The strengths of our study include the large and heterogeneous patient population and the focus on actual rather than recalled HBV screening practice. Previous survey studies estimated 38%-80% of physicians screen patients before chemotherapy [11–13]; however, those results may inaccurately describe screening patterns since surveys record self-reporting of screening practice and not actual screening of individual patients. Our examination of physicians’ actual screening behavior at the level of individual patients avoided recall bias or subconscious attempts to report what should be done rather than what was actually done.

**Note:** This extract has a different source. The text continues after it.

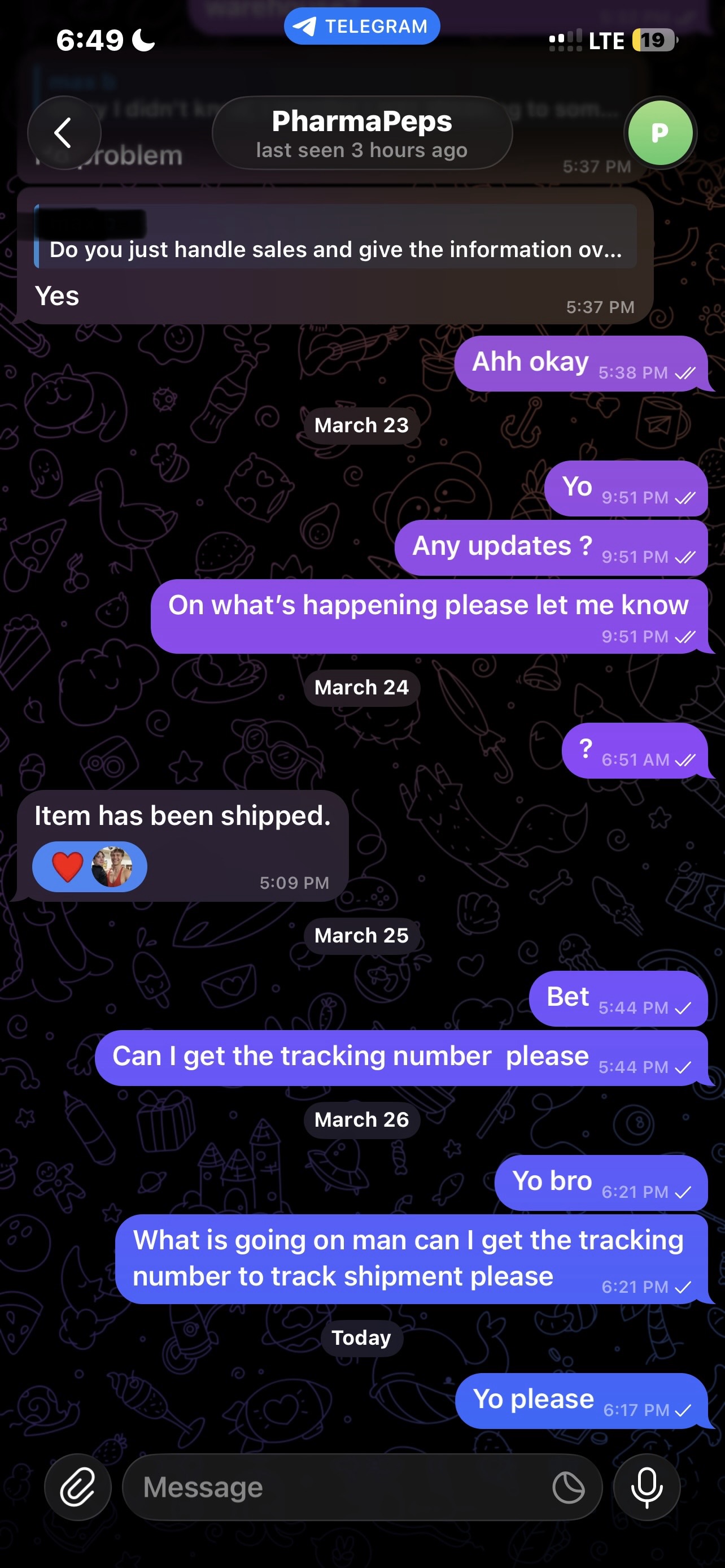 yo has anyone ordered off of “Pharmapeps” on tele. I ordered reta ghkcu and mt1 and they barely be replying. Apparently my order got “shipped” but I barely be hearing anything back; is this normal for Chinese suppliers?

The main limitation of our study is its retrospective design and use of administrative databases, which prevented us from fully assessing HBV history and HBV risk factors. Patients may have received chemotherapy before their first chemotherapy administration at MD Anderson. Also, we excluded oral chemotherapy because we could not accurately access dispensing records outside of MD Anderson, but some oral chemotherapy could cause HBV. Patients’ race/ethnicity was self-described or assigned by referring clinics and may be incorrect. Another limitation is that we were not able to accurately determine prevalence of reactivation since not all patients who received chemotherapy were screened for HBV infection. This single-institution experience may not be generalizable to other settings, and our data cannot be generalized to patients who receive care in clinical trials as such patients were excluded. We did not explore socioeconomic factors such as income and educational level because this information is not part of our institutional Tumor Registry database. Most of our patients at MD Anderson have health insurance, and these plans are expected to pay for HBV screening tests. Finally, the last time period in our study was relatively short, limiting our ability to assess the full impact of the national recommendations. Nevertheless, our study provides valuable data from a large US academic cancer center with no changes in institutional policies regarding HBV screening during the study period.